The big news this month, of course, is that we’re gearing up for our winter session of classes. On Wednesdays from January 20 to March 31 I’ll be reprising last fall’s successful course on ancient wisdom: “How Should We Live? Answers from the Ancient World.” And on Mondays from January 18 to March 29 I’ll be offering a new course on philosophy and literature: “‘Know Thyself’: Knowledge and Self-Knowledge in Literature and Philosophy.” If you want to make philosophy your New Year’s resolution, I encourage you to sign up! Better yet, sign up a friend: I’m offering a 25% discount to anyone who encourages a friend to sign up for the full price.

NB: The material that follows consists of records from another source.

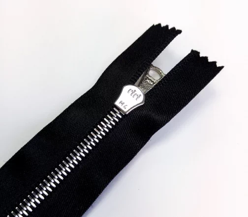 Молния металл, ширина цепи 4 мм, тесьма полиэстеровая черного цвета, цвет металла никель, однозамковая неразъемная, длина 18 см.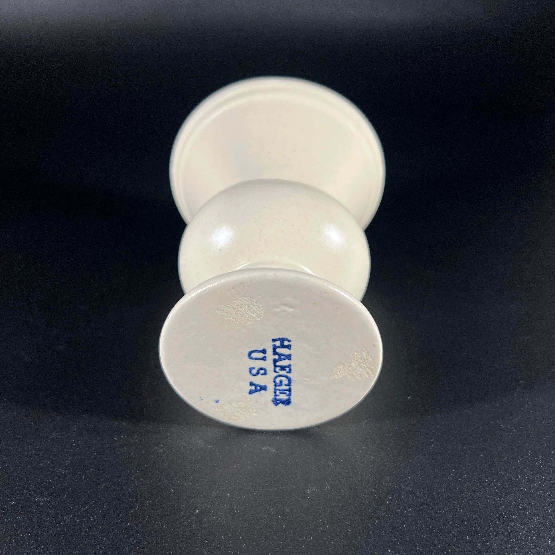 This charming small Haeger ivory colored vase from the 1930s is a beautiful example of vintage craftsmanship. In great condition for its age, it shows only light wear, adding to its character and timeless appeal. The elegant design and smooth glaze make it a standout piece for any collection. Please take a closer look at the photos for more details. The vase measures approximately 4.5" H x 3.5" in diameter.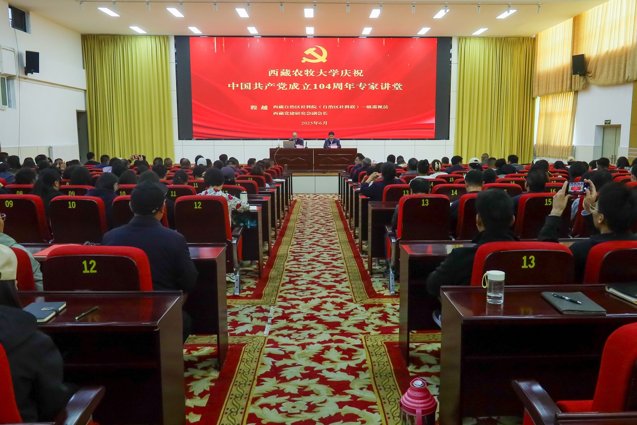 为庆祝中国共产党成立104周年,从党史和西藏发展史中感悟奋进之路,2025年6月29日,欧博abg官方网站举办庆祝中国共产党成立104周年专家讲堂。自治区社科院(自治区社科联)一级巡视员、西藏党建研究会副会长程越作《西藏的现代化发展之路》专题讲座。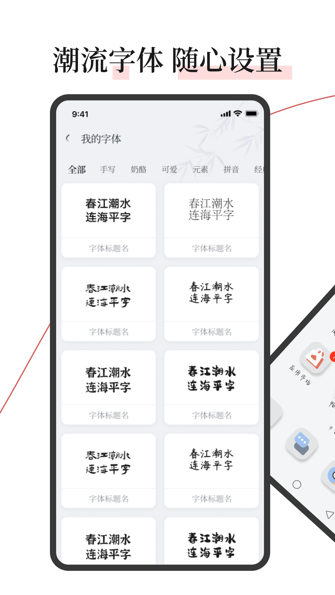 2.满足所有用户的字体需求,全都是潮流字体,随意设置免费下载使用,分类齐全,手写体、花哨体都有。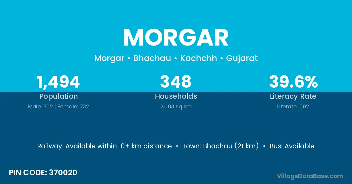 Bhachau (21 km) is the nearest town to Morgar village for major economic activities and is located approximately 21 km away.

So what is a New Year’s resolution anyway? For most people it’s a commitment to yoga or laying off the chocolates that lasts, in most cases, less than a month. But for philosophers, the very idea of a New Year’s resolution poses a problem: how is such a thing so much as possible in the first place? To make a resolution is to aspire to become someone else. If I resolve to take up yoga, what I have in view is a kind of person that I’d like to become but that I am not yet: someone more in touch with their body, perhaps, more integrated, calmer, more mindful. I like this person better than the person I am right now. Where I struggle to stay mindful or spiral into negative thinking, this person is clear and steady.
So I start taking yoga classes. I buy my yoga mat and splurge at Lululemon, I do my sun salutations and my downward dogs, I take in deep breaths through my nose, I relax with a cup of herbal tea or maybe a kale smoothie afterward. I start pretending to be that full-fledged yogi that I’m not (yet?) but wish I were.

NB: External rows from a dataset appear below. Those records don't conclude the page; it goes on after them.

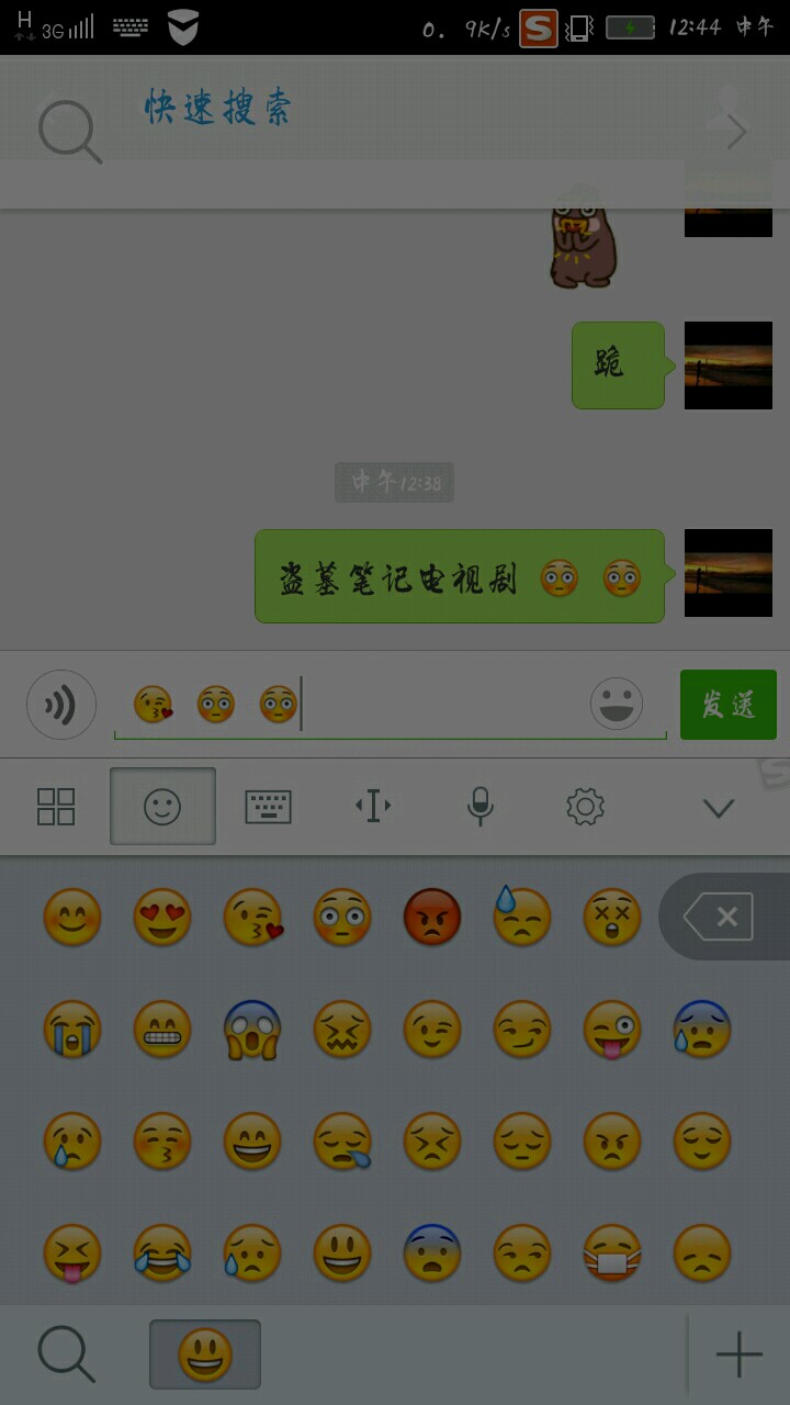我打了俩表情后屏幕最上方出现搜索,以前从没这种情况,点击后链接到UC浏览器,打开了一个不知是啥的网页…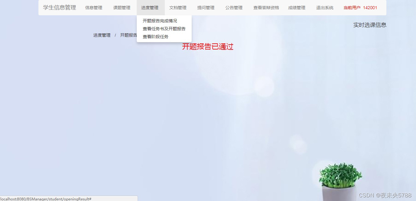5、学生角色包括个人信息管理、课题管理、进度管理、文档管理、提问管理、查看答辩资格、成绩管理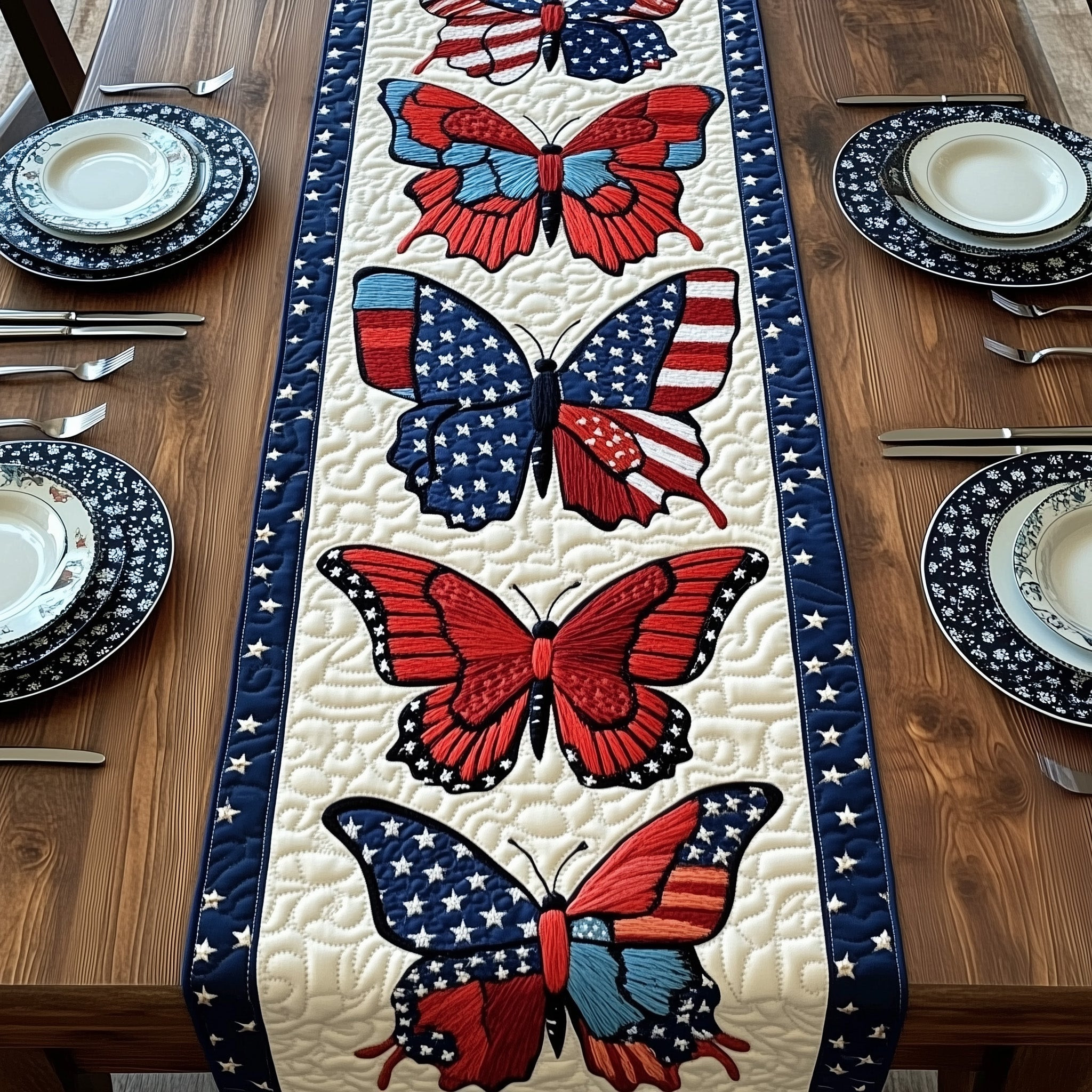 Patriotic Butterfly Quilted Table Runner Autumn Table Runner 4Th Of July Employee Gifts

But here’s the problem: my reasons for doing these things aren’t the reasons of the full-fledged yogi. Because I haven’t (yet?) become that person, I can’t really understand that person’s reasons for doing these things. I strain and grunt as I try to hold these poses that I see demonstrated online by all the svelte, contented people glowing under soft light. There’s clearly something these people are getting out of this practice that I’m not (yet?) getting. But I keep at it even though I don’t (yet?) know what that something is.
Does that make aspiration irrational? If I don’t already like donning yoga clothes, doing sun salutations, and the rest, what reason do I have for doing these things? And if I do already like doing these things, what is there to aspire to?

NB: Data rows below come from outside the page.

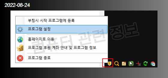 우클릭하면 나오는 프로그램 메뉴 (설정 메뉴는 삭제함, 좌클릭으로 실행)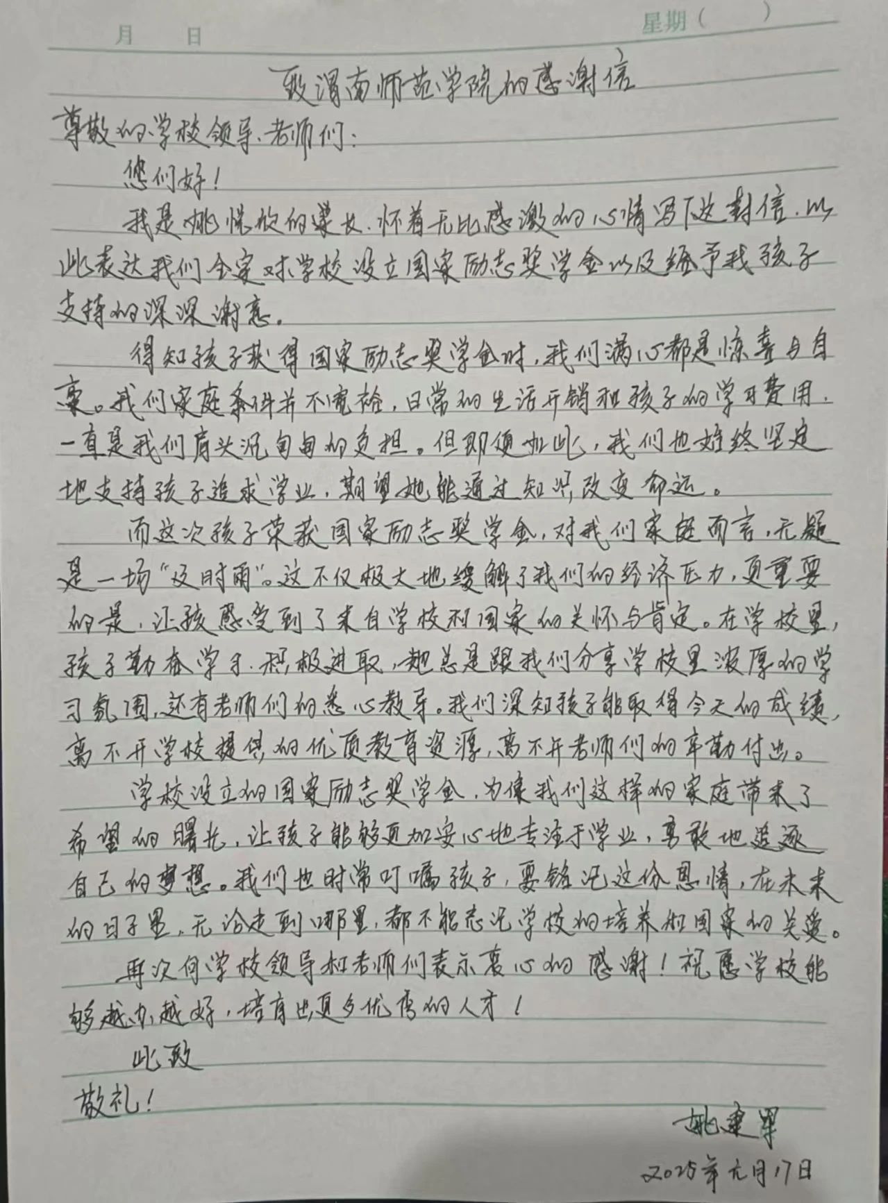 为表彰和勉励优秀学子,充分发挥资助育人的激励导向作用,加强家校合作,汇集资助育人合力,进一步展现公司人才培养效果,mjm世界杯官网向荣获2023-2024学年国家励志奖学金的员工家长寄送喜报,传达公司对员工的美好祝福,与家长共享员工在校成长过程中的收获和喜悦。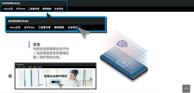 点击页面中“SAMSUNG Knox”了解移动商用解决方案相关内容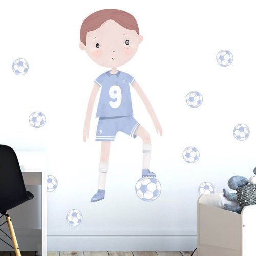 Krásna nálepka na stenu Futbalista. Každý chlapec sníva o tom, stať sa slávnym futbalistom. Vďaka našej nálepke sa deti môžu presťahovať na futbalové ihrisko a cítiť sa ako skutočná futbalová hviezda. Nálepka je krásnou dekoráciou, zároveň chráni stenu pred nečistotami alebo poškodením. Samolepka je zaistená špeciálnym matným laminátom, ktorý ju chráni pred poškriabaním pri každodennom používaní a zároveň uľahčuje lepenie – fólia je silnejšia a ľahšie sa prenáša na stenu. Ak hľadáte dokonalý spôsob, ako oživiť detskú izbičku, naše samolepky na stenu sú tou správnou voľbou. Objednajte si ich ešte dnes a urobte radosť svojmu dieťaťu. Táto sada obsahuje: 1 futbalistu, sadu 10 lôpt. Presné rozmery každej časti nálepky sú uvedené na poslednej fotografii.

In her book Aspiration: the Agency of Becoming, the philosopher Agnes Callard tackles this puzzle of aspiration. She defines what she calls “proleptic reasons” as reasons that a person has for acquiring values that they don’t yet have—values that only retrospectively make those reasons seems reasonable. I might not yet enjoy sun salutations but I resolve to change myself so that I do enjoy them, even though in some sense I can’t really know what’s so great about them until after my transformation.
Here’s how it works. According to Callard, proleptic reasons have what she calls a “distal face” and a “proximal face.” The distal face of a proleptic reason is the way that reason looks to the person I aspire to become. I can recognize, even if I don’t (yet!) fully understand, the sort of contentment sun salutations and kale smoothies bring to the full-fledged yogi. The proximate face of a proleptic reason is the way that reason makes sense to me now. I might not have the yogi’s reason for enjoying yoga but I have other reasons: people I admire seem to enjoy this stuff, they seem more relaxed than I am, they seem to get something I don’t. These are reasons that make sense to me right now but I also recognize that they aren’t the whole story. There’s a person I’ll (hopefully) become to whom all this will make a different kind of sense. In the meantime, I’m acting on a kind of trust that, with time and diligence, that person’s reasons will become clear to me, and will become my own.
So New Year’s resolutions are a leap of faith, a decision to become someone you aren’t (yet) for reasons you can’t (yet) fully understand. Curiously, this isn’t far off what the Danish philosopher Søren Kierkegaard described as the essence of religious belief.
Agnes Callard is not just an excellent philosopher, by the way. She’s also an excellent writer. She writes a public philosophy column for The Point magazine, which I highly recommend.
Be well out there. I look forward to connecting with many of you later this month.